- [EXERCISE INSTRUCTIONS] Your answer must be only the lines below from the one containing "限定武将が再登場するこの機会" through the one containing "1842 y 1960 |", copied exactly, with the pictures left out.

- [DATA]
━━━━━━━━
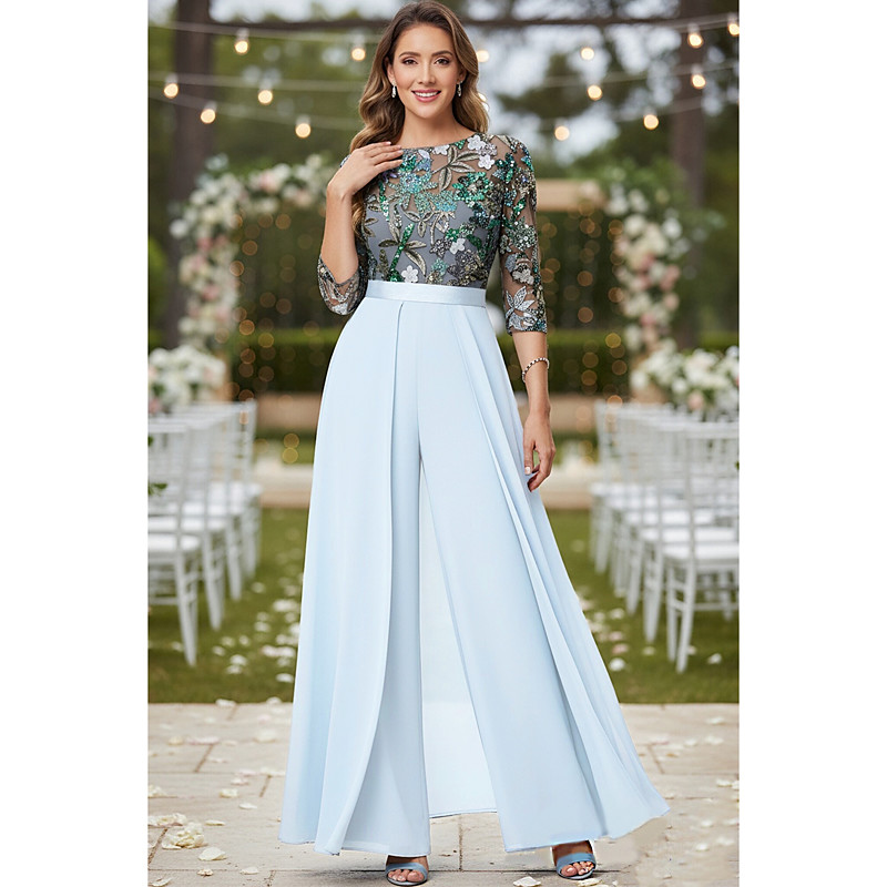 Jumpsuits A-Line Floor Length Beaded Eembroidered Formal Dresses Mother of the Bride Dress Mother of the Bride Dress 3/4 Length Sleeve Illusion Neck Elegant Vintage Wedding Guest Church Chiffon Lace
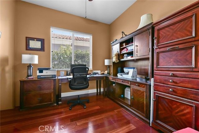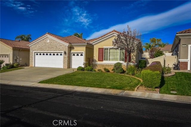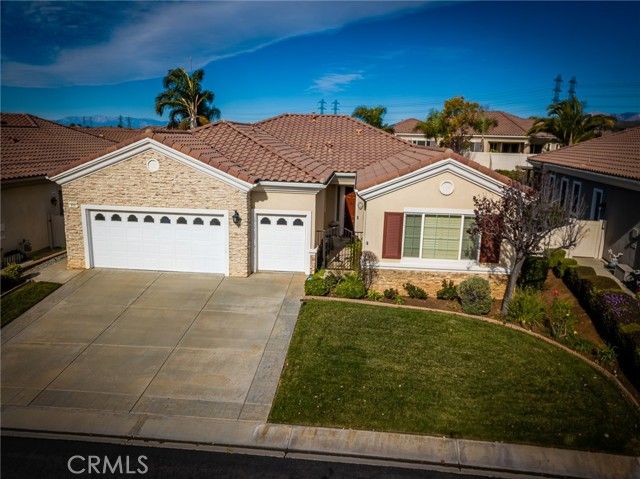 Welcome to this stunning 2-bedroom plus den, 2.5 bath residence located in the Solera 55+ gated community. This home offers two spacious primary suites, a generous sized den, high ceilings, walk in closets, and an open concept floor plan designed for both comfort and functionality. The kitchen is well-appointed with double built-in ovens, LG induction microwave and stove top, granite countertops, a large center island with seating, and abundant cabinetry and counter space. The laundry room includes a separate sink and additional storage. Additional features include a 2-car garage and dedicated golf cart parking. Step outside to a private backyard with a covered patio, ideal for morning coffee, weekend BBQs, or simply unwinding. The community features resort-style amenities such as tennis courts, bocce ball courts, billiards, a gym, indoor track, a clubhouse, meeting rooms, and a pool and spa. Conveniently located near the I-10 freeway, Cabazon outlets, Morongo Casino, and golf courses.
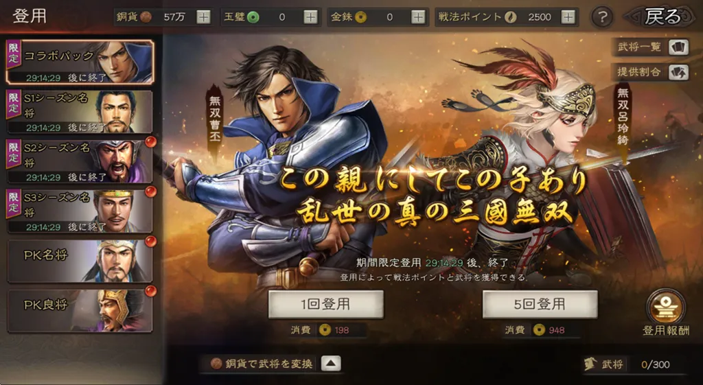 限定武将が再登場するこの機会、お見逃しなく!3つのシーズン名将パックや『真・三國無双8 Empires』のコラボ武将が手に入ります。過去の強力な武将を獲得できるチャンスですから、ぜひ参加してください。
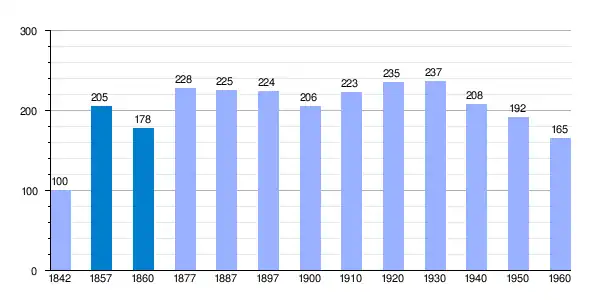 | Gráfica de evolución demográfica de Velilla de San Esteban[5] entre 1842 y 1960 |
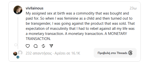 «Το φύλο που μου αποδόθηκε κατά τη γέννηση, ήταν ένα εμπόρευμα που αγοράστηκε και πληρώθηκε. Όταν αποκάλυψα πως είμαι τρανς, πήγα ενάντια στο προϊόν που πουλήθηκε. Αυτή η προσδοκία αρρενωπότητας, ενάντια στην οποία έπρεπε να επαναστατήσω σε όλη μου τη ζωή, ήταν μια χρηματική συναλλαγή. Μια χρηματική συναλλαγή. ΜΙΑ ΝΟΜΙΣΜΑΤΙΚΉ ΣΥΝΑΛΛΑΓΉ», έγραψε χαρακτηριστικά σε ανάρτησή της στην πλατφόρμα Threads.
━━━━━━━━
- [WRITTEN SOLUTION]
 限定武将が再登場するこの機会、お見逃しなく!3つのシーズン名将パックや『真・三國無双8 Empires』のコラボ武将が手に入ります。過去の強力な武将を獲得できるチャンスですから、ぜひ参加してください。
 | Gráfica de evolución demográfica de Velilla de San Esteban[5] entre 1842 y 1960 |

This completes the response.